Quand tout l’univers est emporté dans un tourbillon, et que toutes les parties de cet univers sont en perpétuel changement, l’homme s’imagine être immuable. Fixé pour un moment dans un équilibre instable, il croit à la solidité et à la pérennité de cet équilibre. Il ne vit que pour le présent, et il transpose ce présent dans l’avenir. Il n’assiste même pas à la transformation continuelle de sa psychologie et de sa morale.
À cinquante ans, il s’étonne que les jeunes gens pensent autrement que lui ; et il ne se souvient pas qu’il a pensé comme eux. Il n’imagine pas non plus que les conventions où il vit puissent changer ; ce sont des institutions sociales qui ne peuvent pas être modifiées. Tout au plus, depuis un demi-siècle, bousculé par les inventions qui se précipitent depuis cent ans, croit-il à un progrès technique. Encore pense-t-il que le moment où l’on est arrivé est à peu près le sommet des choses réalisables.
Ce qui est extraordinaire, c’est le peu de curiosité des hommes. Ils n’ont de curiosité qu’enfant. L’éducation, surtout l’éducation familiale, se charge de réfréner, d’annihiler cette curiosité, et de donner à l’enfant des habitudes.
Adulte, il est déterminé par ces habitudes, il est figé par la coutume. Il s’irrite quand on le dérange de ses habitudes, il crie au sacrilège quand on fait la critique de la coutume.
Ceux qui espèrent, qui veulent un changement social, constituent un parti, s’enferment dans un dogme. Du coup, leur horizon est borné. Leur idéal finit par n’être plus que le triomphe politique du parti. Ils glissent au fanatisme. Ils créent de nouvelles coutumes qui les enserrent au point de leur enlever tout pouvoir de critique.
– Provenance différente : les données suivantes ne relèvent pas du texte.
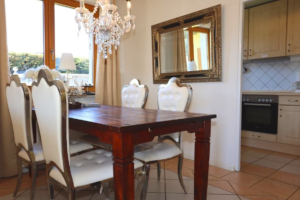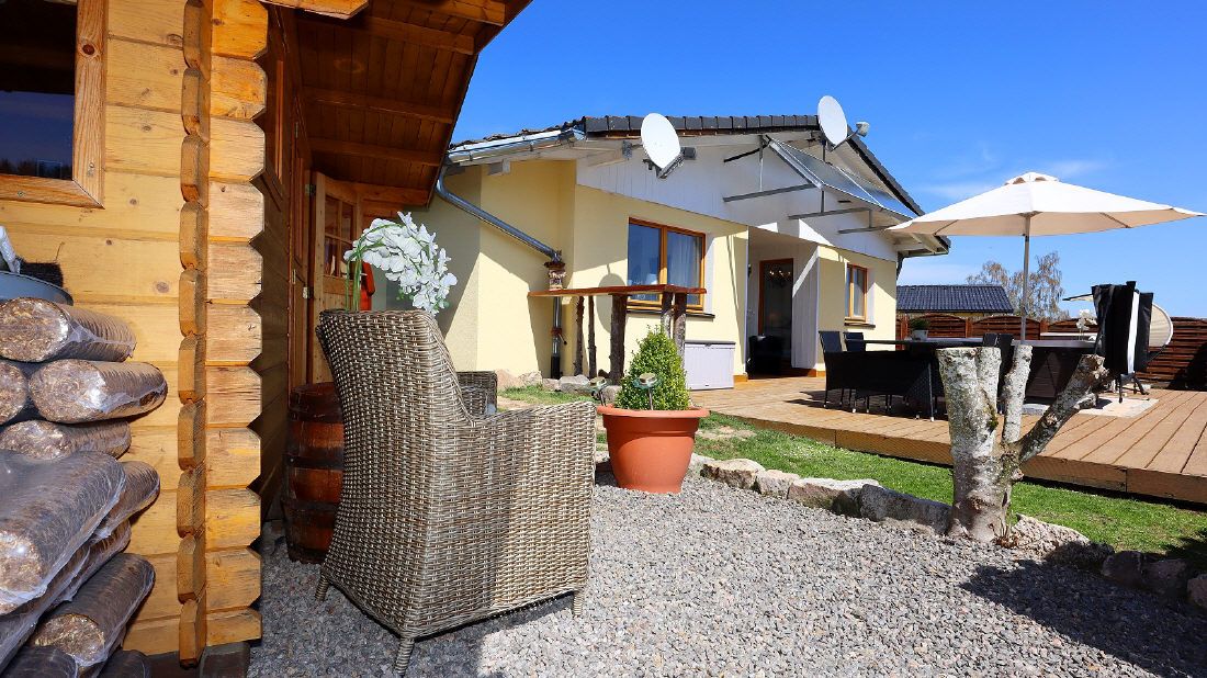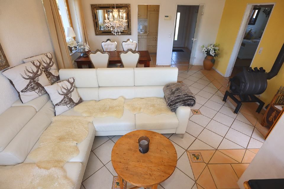 Einrichtung. Wohnfläche ca 90 qm. Großer Wohn-Essraum mit Sitzgruppe, Esstisch. Der Bollerofen sorgt in der kühlen Jahreszeit für gemütliche Athmosphäre. Komplett eingereichtete Küche. 2 Schlafzimmer. Badezimmer mit Dusche/ Wanne/ WC/ Waschbecken. Großer Garten mit Terrasse, Whirlpool und Fasssauna

Nous voulons voir plus loin que le moment présent. Hors du dogmatisme, hors du dogme révélé et figé, nous regardons vers l’avenir. Sans solution définitive et, a priori, nous cherchons la vérité d’abord.
Nous sommes curieux, et de bonne foi. Nous sommes aussi sensibles. Nous ne considérons pas les hommes comme les biologistes considèrent les cobayes dans un laboratoire. Nous avons un idéal, idéal qui n’a jamais manqué à l’humanité, et, vers lequel, en tâtonnant, elle s’achemine.
Nous ne faisons pas table rase des tâtonnements du passé, de l’expérience acquise, des idées venues de l’observation sans parti pris. Nous n’hésitons pas à utiliser le travail des observateurs, des critiques, des idéalistes, des utopistes ; les plus grandes hardiesses de pensée, les hypothèses les plus osées sont nécessaires au progrès. Dans les articles qui paraîtront ici même, le lecteur verra ce que nous considérons comme acquis, ce que nous mettons en doute et où nous venions aller.